DATA EXTRACTS Block Start

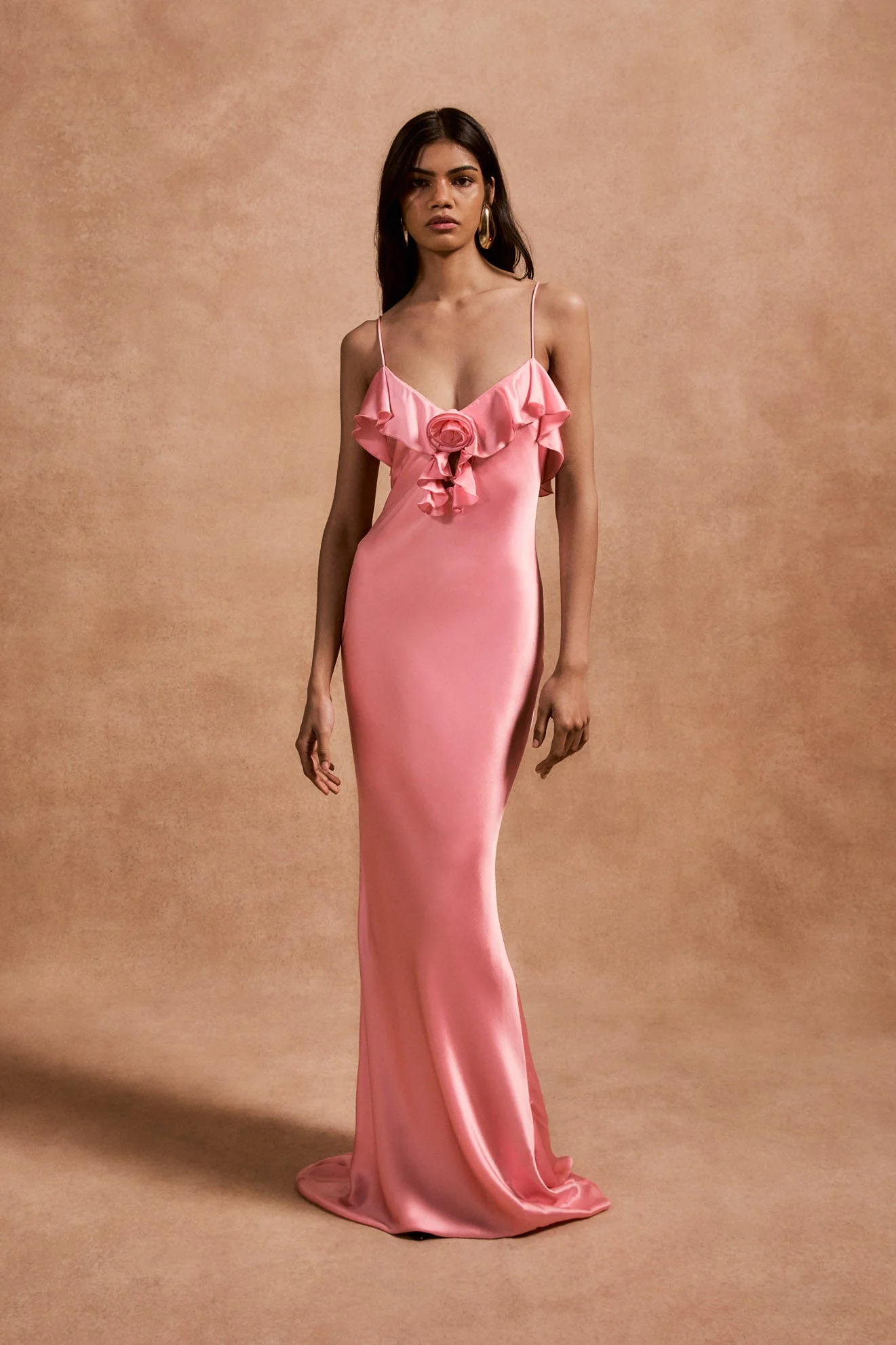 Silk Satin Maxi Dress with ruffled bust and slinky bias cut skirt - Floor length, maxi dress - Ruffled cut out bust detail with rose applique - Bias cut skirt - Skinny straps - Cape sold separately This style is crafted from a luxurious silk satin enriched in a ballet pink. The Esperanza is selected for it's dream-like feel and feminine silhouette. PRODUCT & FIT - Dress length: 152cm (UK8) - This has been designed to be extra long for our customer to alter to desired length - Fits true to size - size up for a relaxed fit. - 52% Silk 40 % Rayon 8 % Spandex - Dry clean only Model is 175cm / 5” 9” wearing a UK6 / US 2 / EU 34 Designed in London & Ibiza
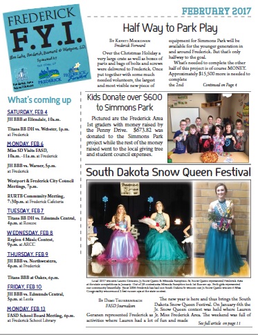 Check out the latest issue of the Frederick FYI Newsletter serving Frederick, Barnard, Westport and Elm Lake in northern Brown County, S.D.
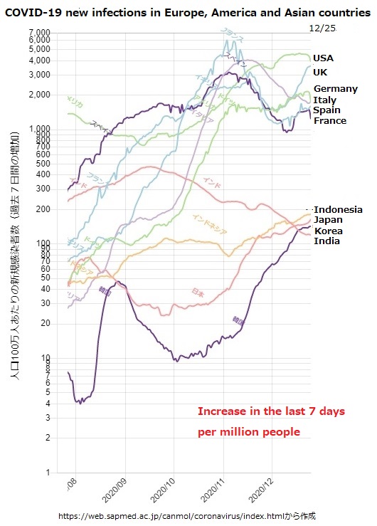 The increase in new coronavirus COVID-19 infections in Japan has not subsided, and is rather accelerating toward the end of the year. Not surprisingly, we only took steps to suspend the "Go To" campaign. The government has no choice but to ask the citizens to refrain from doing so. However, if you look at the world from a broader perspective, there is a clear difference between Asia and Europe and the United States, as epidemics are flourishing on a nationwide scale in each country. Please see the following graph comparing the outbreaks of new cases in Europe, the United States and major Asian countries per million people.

DATA EXTRACTS Block End
DATA EXTRACTS Block Start

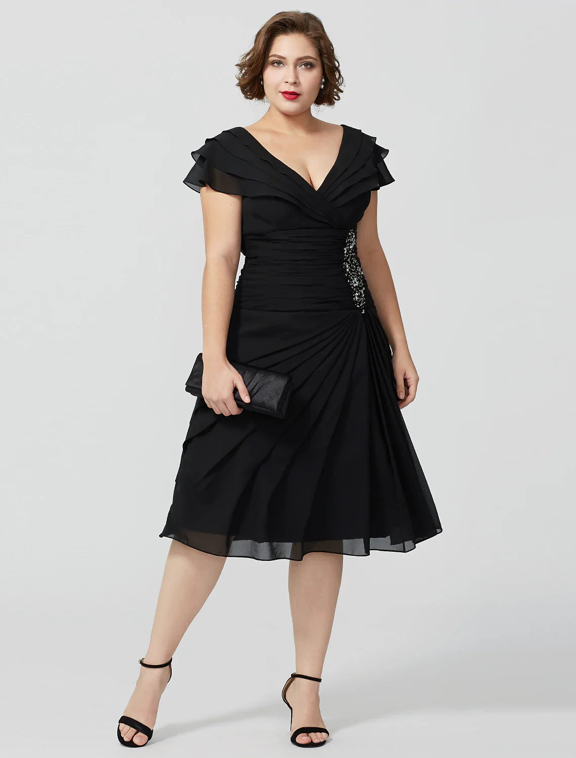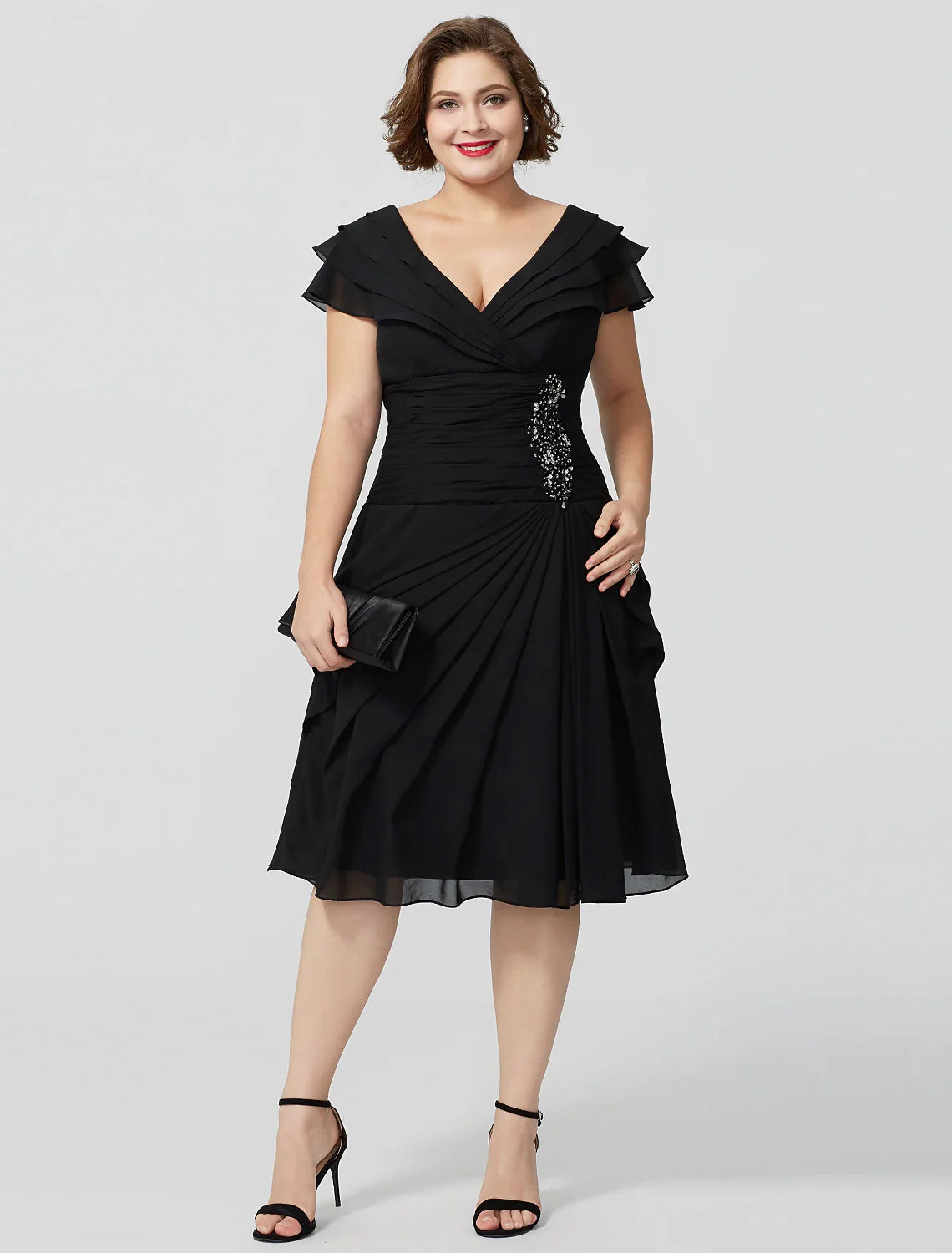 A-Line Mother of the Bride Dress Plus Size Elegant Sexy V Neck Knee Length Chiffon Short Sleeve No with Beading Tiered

DATA EXTRACTS Block End

### WHAT THE EXERCISE ASKS:
From the records above, transcribe exactly the lines starting at the one containing "Silk Satin Maxi" and ending at the one containing "Check out the". Skip the pictures.

### THE ANSWER:
 Silk Satin Maxi Dress with ruffled bust and slinky bias cut skirt - Floor length, maxi dress - Ruffled cut out bust detail with rose applique - Bias cut skirt - Skinny straps - Cape sold separately This style is crafted from a luxurious silk satin enriched in a ballet pink. The Esperanza is selected for it's dream-like feel and feminine silhouette. PRODUCT & FIT - Dress length: 152cm (UK8) - This has been designed to be extra long for our customer to alter to desired length - Fits true to size - size up for a relaxed fit. - 52% Silk 40 % Rayon 8 % Spandex - Dry clean only Model is 175cm / 5” 9” wearing a UK6 / US 2 / EU 34 Designed in London & Ibiza
 Check out the latest issue of the Frederick FYI Newsletter serving Frederick, Barnard, Westport and Elm Lake in northern Brown County, S.D.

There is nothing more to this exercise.